KATHERINE WESTFALL’S SUITE
Katherine Westfall did not like having this excitable little man in her sitting room, but she felt that it was better to see him face-to-face rather than communicate over the ship’s phone system. Phone conversations are supposed to be private, she knew, but they go through the ship’s communications system and systems can always be tapped.
Dr. Pohan could not sit still. Katherine had offered him a glass of wine, even poured him a long-stemmed goblet of beautiful Sancerre with her own hand, but the doctor hardly took a sip before he bounced to his feet and began pacing across the thick carpeting.
“They know!” he said, mopping his bald pate with one hand while his other nearly spilled the wine, it was shaking so badly.
“They know nothing,” Westfall said calmly.
“But they suspect! They accused me of infecting her! In my own office! She and that lumbering cyborg, they realize that the only way she could be infected was by the needle I used to take her blood sample.”
He looks ridiculous, she thought, a stubby little bald man with that ludicrous mustache, his clothes all wrinkled and sweaty. Struggling inwardly to hide her disdain, Westfall replied, “You showed them the Nordstrum dossier?”
Dr. Pohan stopped his pacing. “Yes. That seemed to placate them. For the moment.”
With an unruffled smile, Westfall said, “There you are. Crisis resolved.”
“Is it?” Dr. Pohan returned to the sculpted chair facing Westfall’s but stopped short of sitting in it. “How long do you think it will take them to think of checking with Selene University? How long before they find that Frieda Nordstrum never suffered from an animal bite, that she did not contract rabies until she came aboard this ship! How long before they discover that the woman died of a genetically engineered mutation of the virus!”

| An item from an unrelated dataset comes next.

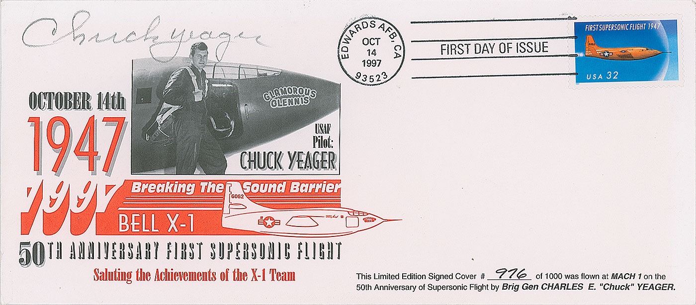 Limited edition flown FDC carried at Mach 1 by Yeager on the 50th anniversary of the first supersonic flight, numbered 976/1000, signed along the top in pencil, "Chuck Yeager." In very fine condition.

Katherine took a sip of her wine as she thought about that. Putting the stemmed glass down on the little table beside her chair, she said, “I can see to it that the university’s personnel files are unavailable for their scrutiny. Privacy laws and all that. The ship’s files, as well. They’ll never be able to find that she wasn’t infected while visiting Earth, that she wasn
’t carrying the virus in her when she came aboard this vessel.”
The doctor wagged his head. “We committed murder!”
“You conducted an experiment,” Westfall countered. “The experimental subject died. It happens all the time. Scientists are always doing things like that.”
Dr. Pohan looked horrified. “But you … you told me … you ordered me…”
With the sincerest smile she could generate, Katherine Westfall said reassuringly, “As long as you keep Ms. Ambrose’s condition under control she will be satisfied. You’ve told her that the medical staff at Gold has the facilities to cure her?”
“Yes.”
“Good. Let her continue to think that. Once we get to Jupiter she’ll find out differently, but by then she’ll no longer be your problem.”
The doctor stared at her perplexedly. For several heartbeats he said nothing. Then, “May I ask … why are you doing this? Why did you have me infect her? After all, rabies can be dangerous.…”
Smiling truly now, Katherine Westfall said, “Not as dangerous as curiosity, Doctor.”
Dr. Pohan’s eyes went wide. He understands my meaning, Westfall saw. He understands me perfectly.
* * *
Max Yeager was glad to be out of Andy’s junkyard of a compartment. The two men were in the dining room, munching on soymeat patties as they argued about Corvus’s hopes.
“The human mind is the transducer,” Yeager was saying, waving a forkful of salad in midair. “It takes the electrical impulses from the eyes and makes pictures out of them.”
Corvus shook his head. “But how? How does it work? How can the brain turn electrical impulses into visual imagery?”
“We do it with display screens,” Yeager mused. “Electrons paint pictures on the screens.”
“Is that how it’s done in the visual cortex?”
“How would I know?”
Corvus began to reply, but as he looked up from his dinner plate he saw Deirdre and Dorn heading toward their table.
Once they were seated and had spoken their dinner orders to the robot that had immediately rolled up to the table, Corvus and Yeager fell into their argument again.